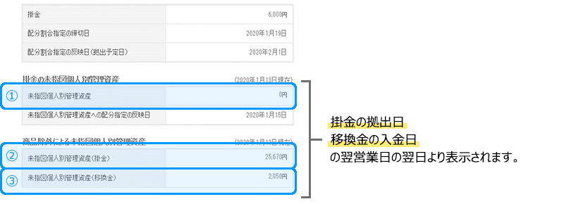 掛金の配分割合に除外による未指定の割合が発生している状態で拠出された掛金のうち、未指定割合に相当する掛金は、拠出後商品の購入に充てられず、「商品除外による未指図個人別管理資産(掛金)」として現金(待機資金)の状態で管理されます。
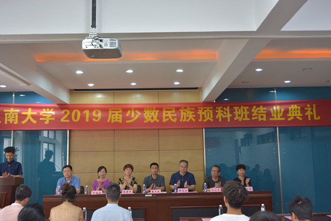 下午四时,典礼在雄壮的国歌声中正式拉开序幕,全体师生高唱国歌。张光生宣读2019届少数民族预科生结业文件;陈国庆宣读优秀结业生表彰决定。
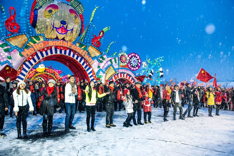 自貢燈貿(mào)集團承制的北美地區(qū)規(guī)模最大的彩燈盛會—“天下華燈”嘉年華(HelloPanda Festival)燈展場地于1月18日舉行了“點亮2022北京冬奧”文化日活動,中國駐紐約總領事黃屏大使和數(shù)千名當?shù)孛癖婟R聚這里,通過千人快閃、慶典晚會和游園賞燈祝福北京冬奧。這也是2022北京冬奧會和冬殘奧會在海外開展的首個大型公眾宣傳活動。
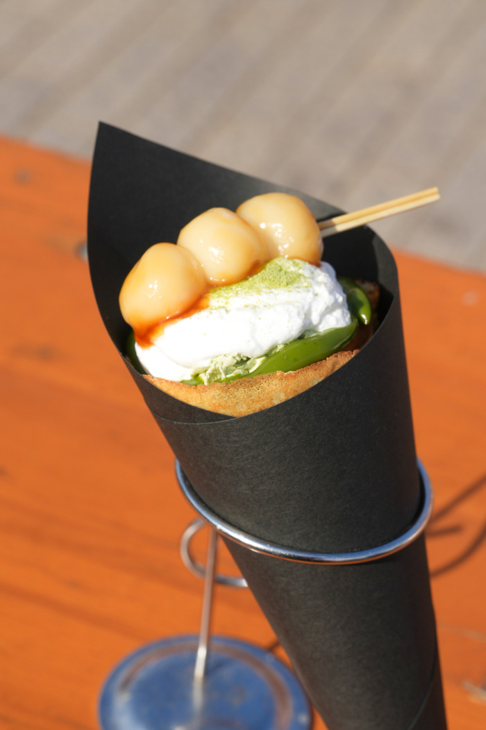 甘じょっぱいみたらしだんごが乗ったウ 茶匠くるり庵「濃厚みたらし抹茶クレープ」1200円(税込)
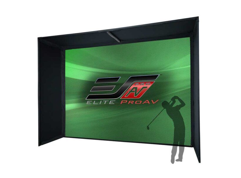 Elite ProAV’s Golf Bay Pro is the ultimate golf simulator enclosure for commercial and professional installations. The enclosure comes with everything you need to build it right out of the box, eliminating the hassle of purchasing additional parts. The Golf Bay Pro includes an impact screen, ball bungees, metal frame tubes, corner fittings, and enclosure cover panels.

* _Work required_
Each entry above should be written out again exactly, without its pictures.

* _Expected answer_
 掛金の配分割合に除外による未指定の割合が発生している状態で拠出された掛金のうち、未指定割合に相当する掛金は、拠出後商品の購入に充てられず、「商品除外による未指図個人別管理資産(掛金)」として現金(待機資金)の状態で管理されます。
 下午四时,典礼在雄壮的国歌声中正式拉开序幕,全体师生高唱国歌。张光生宣读2019届少数民族预科生结业文件;陈国庆宣读优秀结业生表彰决定。
 自貢燈貿(mào)集團承制的北美地區(qū)規(guī)模最大的彩燈盛會—“天下華燈”嘉年華(HelloPanda Festival)燈展場地于1月18日舉行了“點亮2022北京冬奧”文化日活動,中國駐紐約總領事黃屏大使和數(shù)千名當?shù)孛癖婟R聚這里,通過千人快閃、慶典晚會和游園賞燈祝福北京冬奧。這也是2022北京冬奧會和冬殘奧會在海外開展的首個大型公眾宣傳活動。
 甘じょっぱいみたらしだんごが乗ったウ 茶匠くるり庵「濃厚みたらし抹茶クレープ」1200円(税込)
 Elite ProAV’s Golf Bay Pro is the ultimate golf simulator enclosure for commercial and professional installations. The enclosure comes with everything you need to build it right out of the box, eliminating the hassle of purchasing additional parts. The Golf Bay Pro includes an impact screen, ball bungees, metal frame tubes, corner fittings, and enclosure cover panels.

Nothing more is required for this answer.